--- Records to use Enclosed Below ---

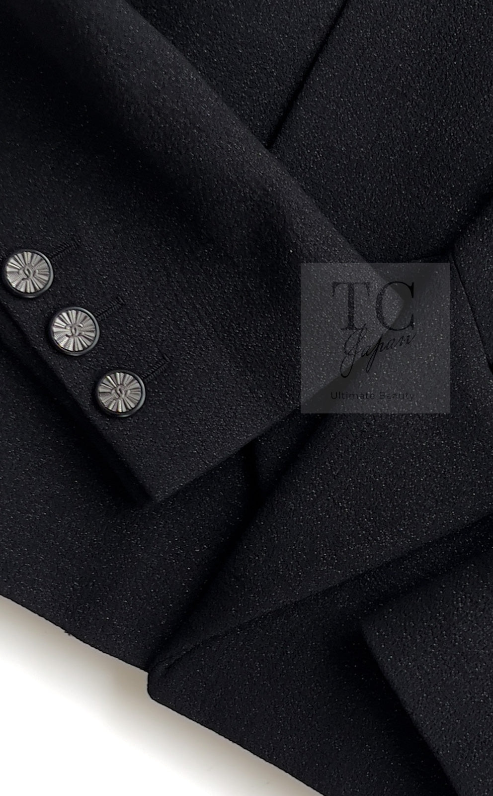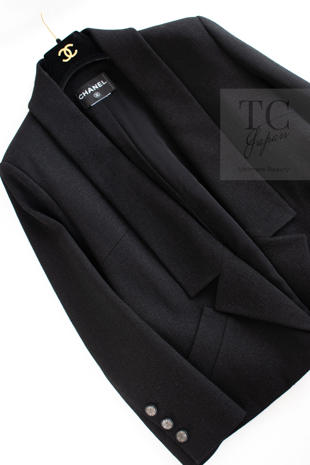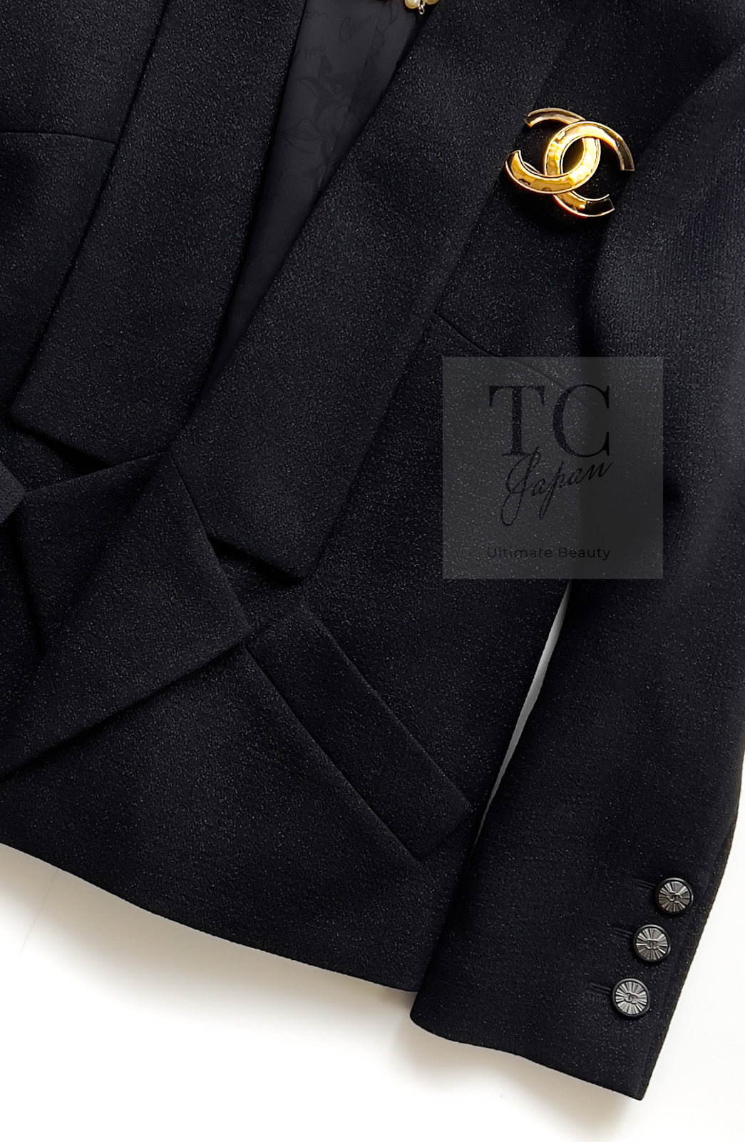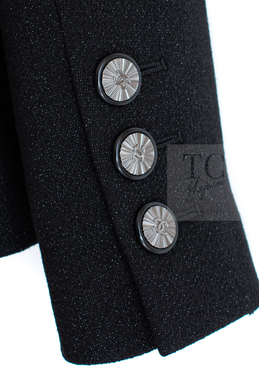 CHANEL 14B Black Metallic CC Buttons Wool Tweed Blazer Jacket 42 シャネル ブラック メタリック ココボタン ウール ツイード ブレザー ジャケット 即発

--- End of Enclosed Records to use ---
--- Records to use Enclosed Below ---

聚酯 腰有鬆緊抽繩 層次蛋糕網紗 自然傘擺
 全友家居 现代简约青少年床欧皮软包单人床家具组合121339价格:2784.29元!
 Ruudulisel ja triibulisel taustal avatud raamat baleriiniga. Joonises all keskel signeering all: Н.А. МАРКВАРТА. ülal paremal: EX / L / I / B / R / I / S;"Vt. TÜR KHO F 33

--- End of Enclosed Records to use ---

• [Exercise instructions] From the entries above, write out only the lines starting at the line that holds "聚酯 腰有鬆緊抽繩 層次蛋糕網紗 自然傘擺" and ending at the line that holds "Ruudulisel ja triibulisel", keeping both and matching them exactly.

• [Written solution]
聚酯 腰有鬆緊抽繩 層次蛋糕網紗 自然傘擺
 全友家居 现代简约青少年床欧皮软包单人床家具组合121339价格:2784.29元!
 Ruudulisel ja triibulisel taustal avatud raamat baleriiniga. Joonises all keskel signeering all: Н.А. МАРКВАРТА. ülal paremal: EX / L / I / B / R / I / S;"Vt. TÜR KHO F 33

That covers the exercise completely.